In the present study total 734 antenatal mothers were included as per inclusion criteria. It was observed in this study, that only 31.48% of antenatal females had registered themselves in the antenatal clinic on or before 12 weeks of gestation. Among them 30 subjects (4.08%) were β thalassemia trait (BTT) and 24 (3.27%) of them had borderline HbA₂ value as per Hb HPLC done by Biorad D10™. Only 6 BTT out of 30 (20%) were aware of their carrier status beforehand. Husbands of all 30 BTT pregnant women were contacted. Only 19 (63.33%) of those spouses turned up and were undergone Hb HPLC.

Table 2

Clinical and laboratory data of 54 antenatal mothers

Parameters	Mean (SD)
Age (Years)	26.89 (± 5.87)
Gestational age (weeks)	15.15(±4.59)
Laboratory Results
Hb (g/dL)	10.59 (±1.43)
RBC	4.68 (±0.89)
Hct (%)	34.46 (±3.92)
MCV (fL)	75.4 (±12.9)
MCH (pg)	23.2 (±4.4)
MCHC	30.56 (±1.26)
Hb HPLC
HbF (%)	1.12 (±0.85)
HbA2(%)	4.64(±1.02)

Among 24 cases with borderline HbA₂values, 21 had MCH > 27 pg and MCV >80 fl in 22 cases.

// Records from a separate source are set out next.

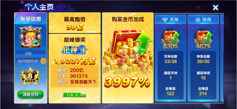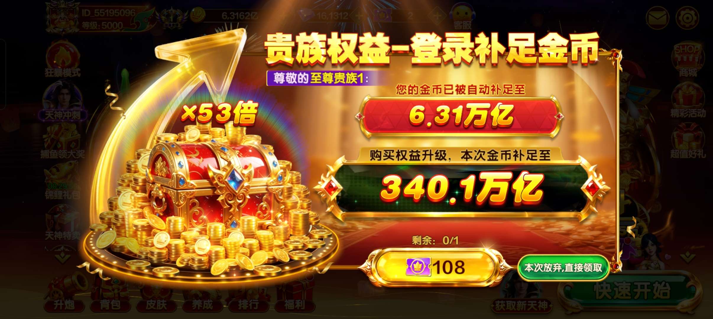 至尊贵族一便宜甩人物只缺一个,金币加成5304%,炮倍120亿 再加上累充200多万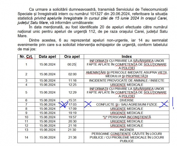 În Republica de la Carei avem câte 20 de apeluri la 112 într-o singură zi. Avem și accidente mortale de muncă mușamalizate așa că de ce nu ar fi și altele la fel de mușamalizate dacă tot are evazionistul șef atâta trecere la cei din internele locale. Doar românii independenți beneficiază de monitorizare strictă, de amenințări cu moartea, de cenzură, furturi informatice și de agresiuni fizice necercetate.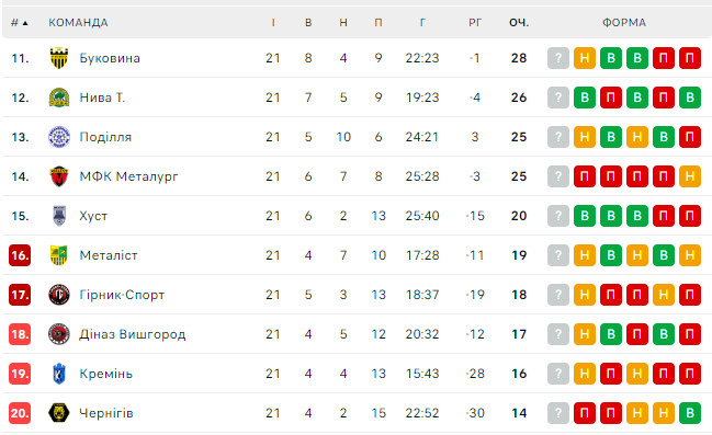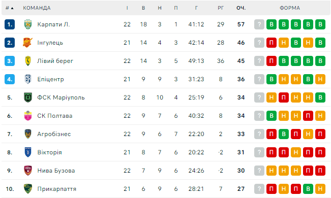 Турнірна таблиця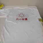 信仰の証としてTシャツ作ってみた。 あまり手作りグッズばかりだと三柱様が信仰心(作中用語でプラーナと言う)が足らず顕現出来なくなるので、ハロウィンにはお布施することにする。 #プリズムステラ

RDW-CV <14% in 04 cases and Mentzer index >13 in all cases.

The result of mutation study of all the 30 cases of β thalassemia traits are summarized in Table 3.

Table 3

Result of mutation study of 30 cases of β thalassemia traits

Mutation (Heterozygous state)	Number of Subjects
IVS 1-5 (G>C)	26
Double heterozygous for IVS 1-5 (G>C) and codon6 (A>T)	1
Codon 41/42[-TTCT]	1
Codon 30[G>C]	1
Codon 15 (TGG>TAG)	1

Amongst husbands of 19 BTTs, though no β-globin chain mutation could be identified in any of these cases by the β-globin StripAssay® IME utilized in the present study, the possibility of presence of other mutations cannot be ruled out which are not covered in the StripAssay® used in the current study.

Discussion

This study was conducted at the Department of Pathology of ESI-PGIMSR Manicktala, Kolkata, West Bengal from September 2021 to August 2022. In this time-period total 734 pregnant women had reported to the department for antenatal screening of β thalassemia.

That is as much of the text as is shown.